*Provided data*
-- Opening Marker --

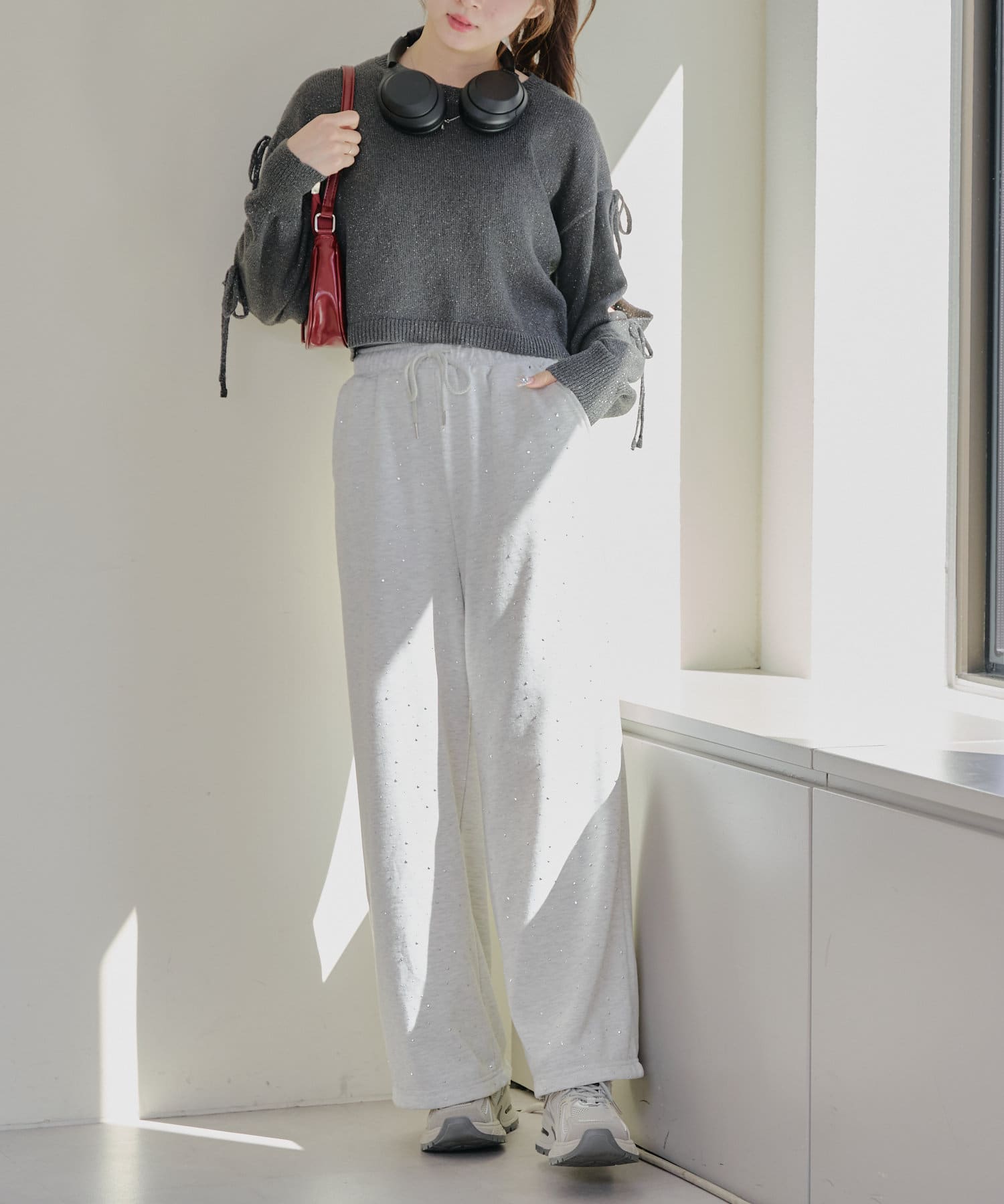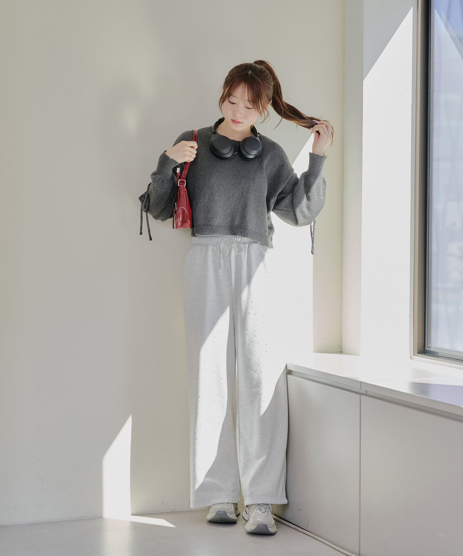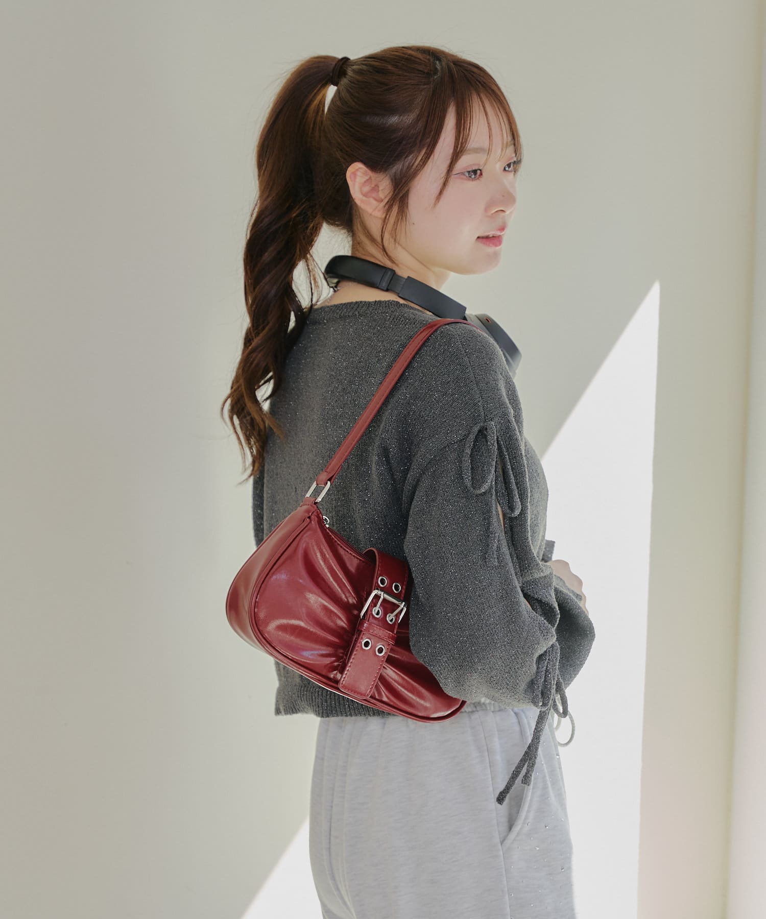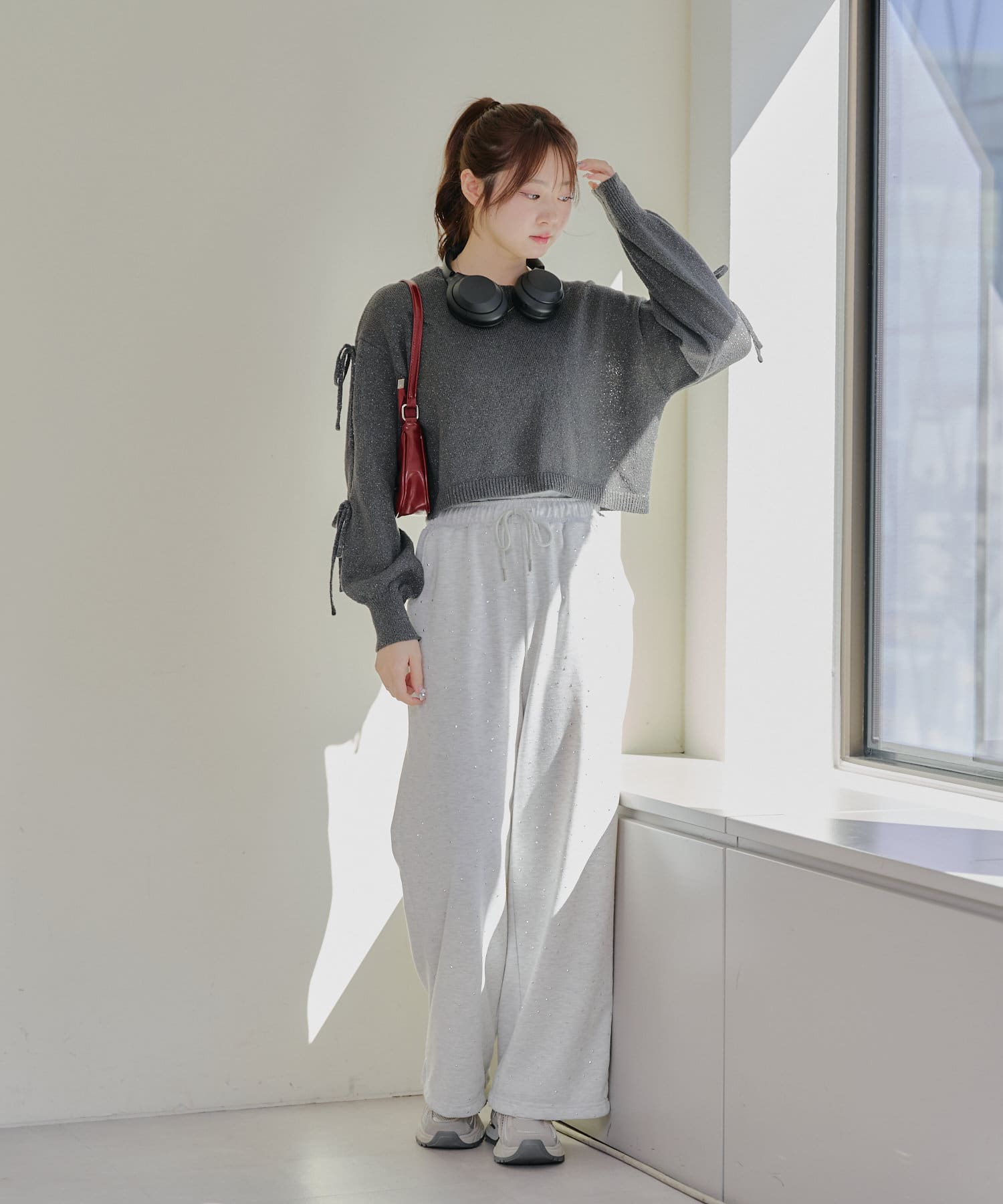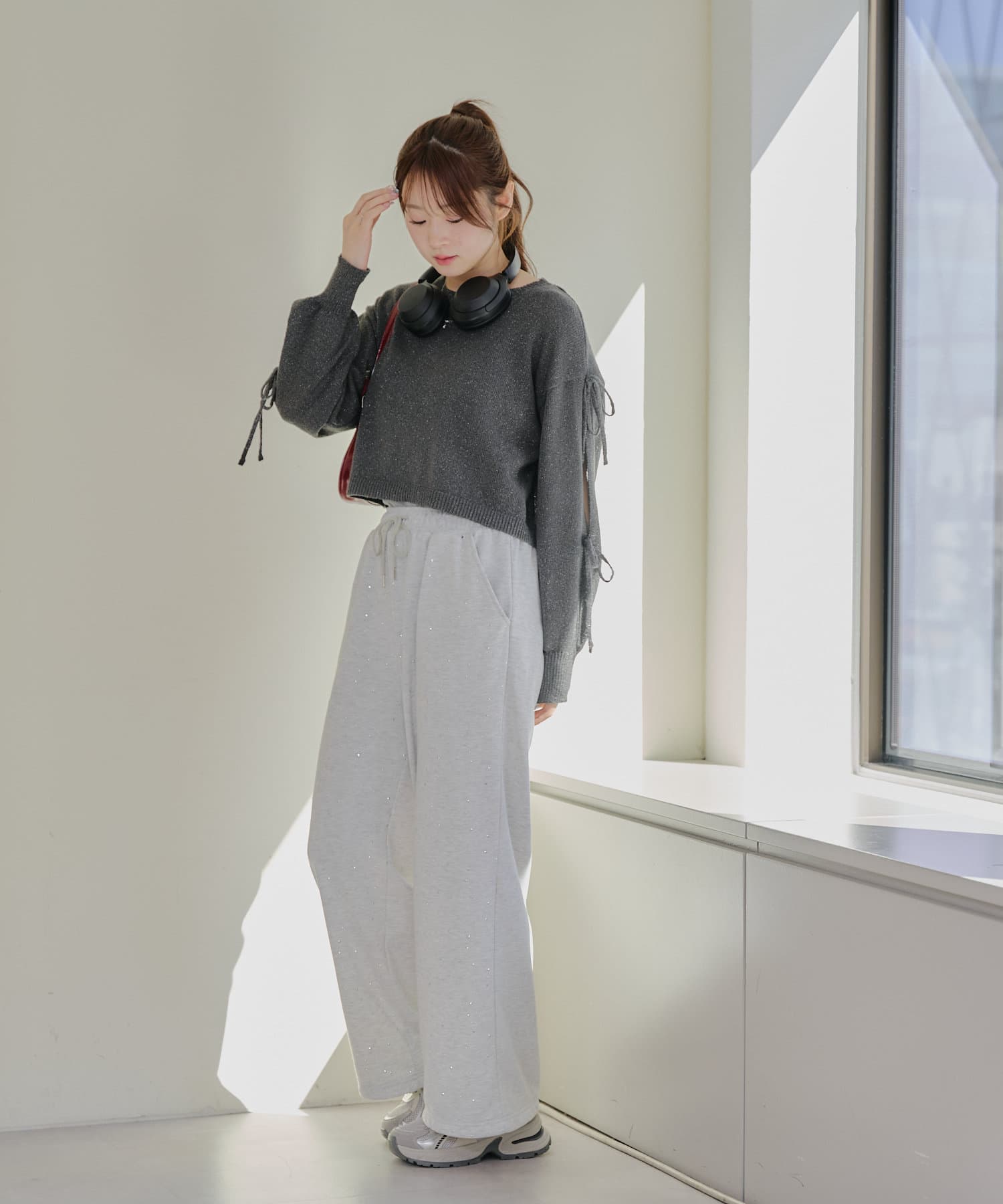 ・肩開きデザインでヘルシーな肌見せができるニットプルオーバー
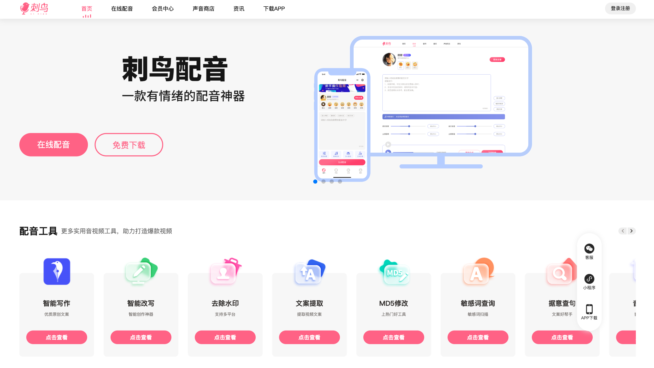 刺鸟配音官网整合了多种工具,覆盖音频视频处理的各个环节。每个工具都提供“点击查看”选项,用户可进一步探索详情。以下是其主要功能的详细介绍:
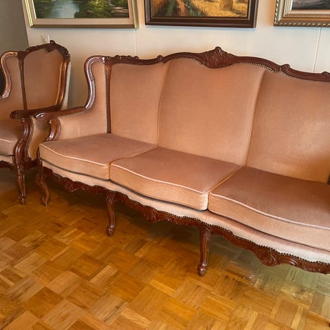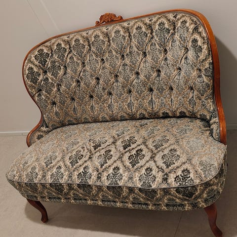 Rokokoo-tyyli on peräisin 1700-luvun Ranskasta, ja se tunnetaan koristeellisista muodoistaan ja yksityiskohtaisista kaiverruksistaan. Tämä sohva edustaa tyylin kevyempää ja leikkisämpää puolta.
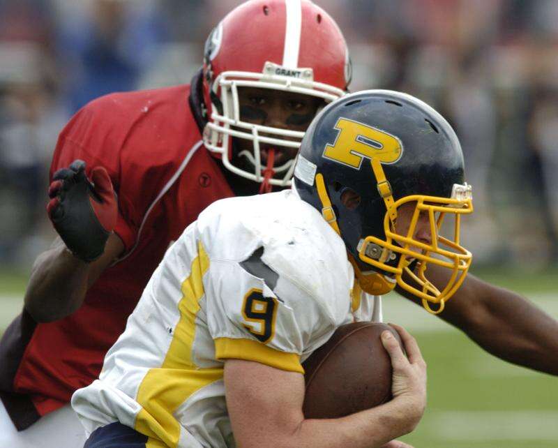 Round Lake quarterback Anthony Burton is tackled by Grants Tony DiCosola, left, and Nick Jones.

-- Closing Marker --

Word for word, output the lines from the beginning of the listing through the line holding "刺鸟配音官网整合了多种工具,覆盖音频视频" and nothing beyond them. Omit the pictures.

 ・肩開きデザインでヘルシーな肌見せができるニットプルオーバー
 刺鸟配音官网整合了多种工具,覆盖音频视频处理的各个环节。每个工具都提供“点击查看”选项,用户可进一步探索详情。以下是其主要功能的详细介绍:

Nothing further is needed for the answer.